Larry Niven: Ringworld

Review of the novel Ringworld by Larry Niven.

  • Ringworld

    • by Larry Niven
    • PB, © 1970, 342 pp, Del Rey, ISBN 0-345-33392-6

When I started reading science fiction “seriously” in the mid-1980s, Ringworld had the reputation as being the most important hard SF novel before William Gibson’s Neuromancer. But as with most of Niven’s oeuvre, I’ve never read it. I tried a couple of times, back in the day, but was never able to get through it – was never able to even get as far as the characters getting to the Ringworld. But now, I have.

Given what I know about science fiction now, I think Ringworld can make a case for being the most significant SF novel between Frank Herbert’s Dune (1965) and Neuromancer (1986). The reason for this is that I think Niven’s classic work fits perfectly between two generations of hard SF: He has a no-nonsense writing style and a logical approach to working through the implications of his ideas as part of the plot (which is very Asimovian, and to a lesser degree very Heinleinian), but he also anticipates the high-tech cutting-edge social implications of technology a la John Varley and Vernor Vinge and, well, William Gibson. And Ringworld shows this latter characteristic – and Niven’s high concept ideas content – quite strongly.

The whole premise of the novel is the Ringworld itself, a strip of habitable land which entirely rings its primary star. I’ve read a lot of “big dumb object” stories, and they all suffer to a large extent from having an ending which is a letdown: Trying to understand why an alien species would build such a large thing, and crafting a whole novel around it, it’s extremely difficult to have an explanation which is rewarding. Ringworld sidesteps this issue by presenting the Ringworld’s existence and reason for being from the outset: Why would someone build such a thing? For the living space, obviously!

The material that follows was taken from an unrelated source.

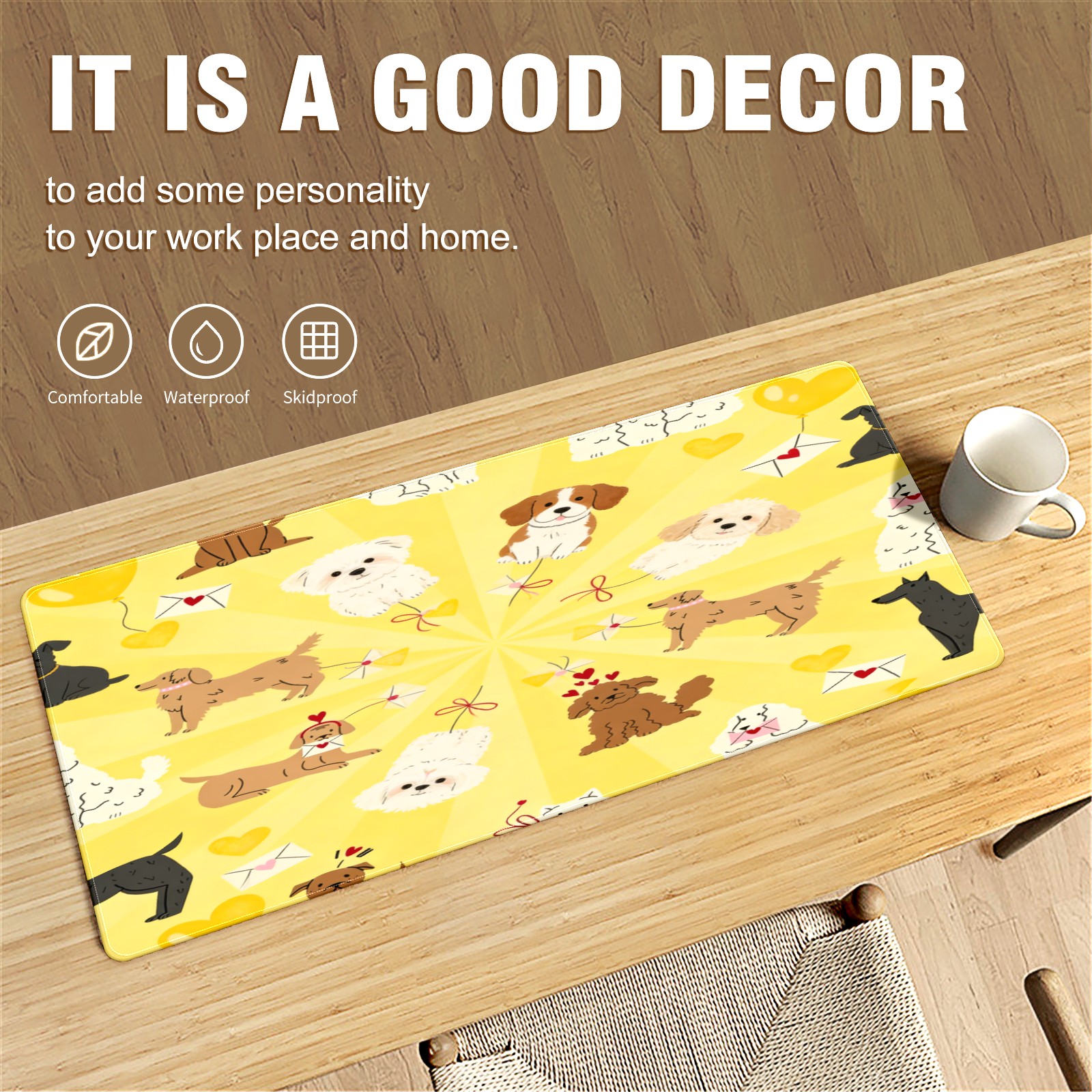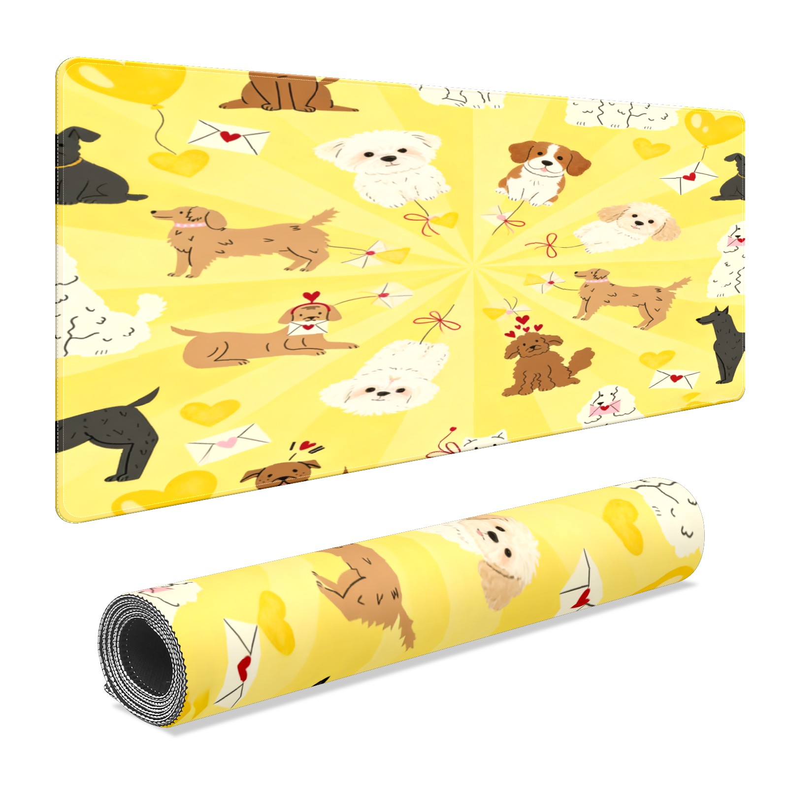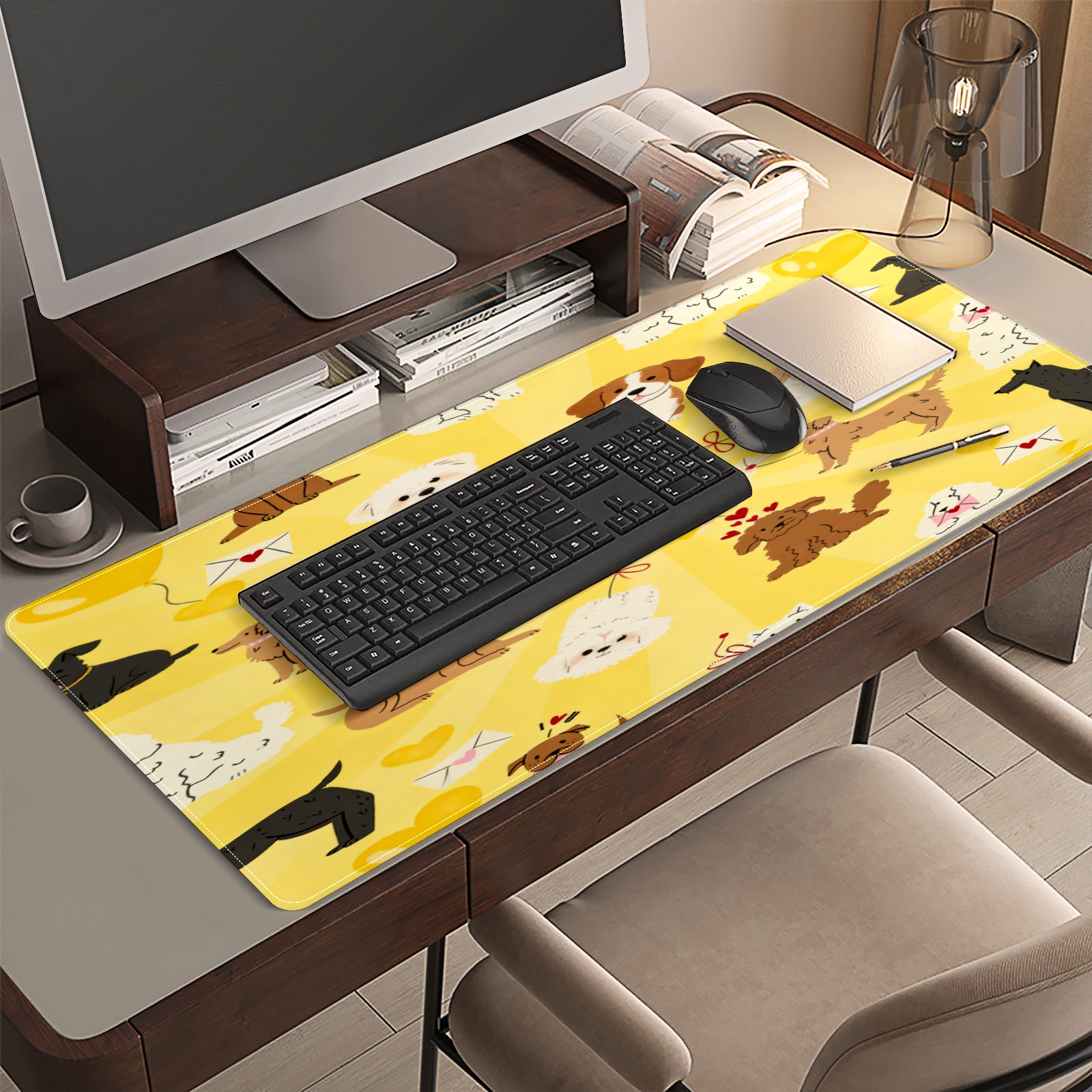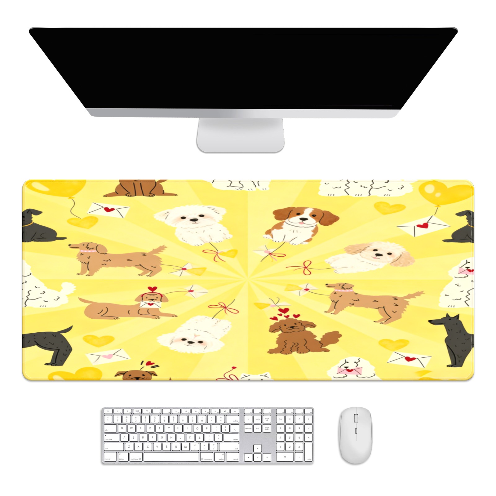 Large Gaming Mouse Pad (90x40cm), Extended Waterproof Desk Mat with Non-Slip Rubber Base, Warm Dog Yellow for Gamers, Office & Home

The plot features four extraordinary individuals: Louis Wu, a 200-year-old man who is a little bored with life; Nessus, a Pierson’s Puppeteer, a highly advanced alien species whose culture is based on cowardice; Speaker-to-Animals, a Kzinti warrior; and Teela Brown, whom Nessus thinks might have been bred to be lucky. The Puppeteers discovered the Ringworld and want to know who built it, and whether they might be a threat, so Nessus – considered mad by his people – rounds up his team and they head to the Ringworld to explore it. Landing there, they are awed by the sheer scope of the project, and encounter many wondrous and dangerous things and creatures in their adventures.

What I like about this novel which I don’t like in, say, Arthur C. Clarke’s Rendezvous With Rama, is that Niven doesn’t go for the cheap thrill of Things We Don’t Understand: Everything on the Ringworld makes sense, even if it takes a little while to figure out, and it never feels forced or contrived: It all follows from the basic sense of wonder of a giant engineering feat which has somehow been left alone for millennia, and whose builders are absent.

The really unusual thing about the book is that the outcome of the story ultimately isn’t about the Ringworld: It’s about the evolution of humanity and the role these individuals and their species have played in it. The Ringworld is just a backdrop against which this drama plays out. It’s all a little improbable (which is sort of the point), and I don’t entirely buy the “perpetual deus ex machina” approach that underlies the direction Niven sends his universe, but it does make for a thought-provoking read.

Ringworld does fall prey to the “lots of walking around” pitfall of such stories: The characters spend a lot of time just flying about and seeing things and having brief, fairly disconnected encounters with people and things on the world. Consequently, the story bogs down from time to time. On the bright side, it’s not one of the extra-long novels which pepper bookshelves today, so it’s not hard to power through the tedious stuff and get back to the good stuff.

Although in some ways the book feels a little musty today – in that it doesn’t anticipate modern hard SF staples such as cyberspace or nanotechnology – so much of what it popularized is still with us and still influencing SF: Ramjets and slower-than-light travel, the varied races of Known Space, the evolution of humanity and the consequent singularity (even if Niven’s singularity is very different from Vinge’s). Niven’s narrative strength in delivering a sense of wonder still holds up more often than not, and really, in a world where Star Trek is among the best-known forms of science fiction, Known Space still feels cutting-edge.

For those reasons, it’s still a little amazing to me that I never read the book cover-to-cover until today. It’s must reading for any fan or student of science fiction.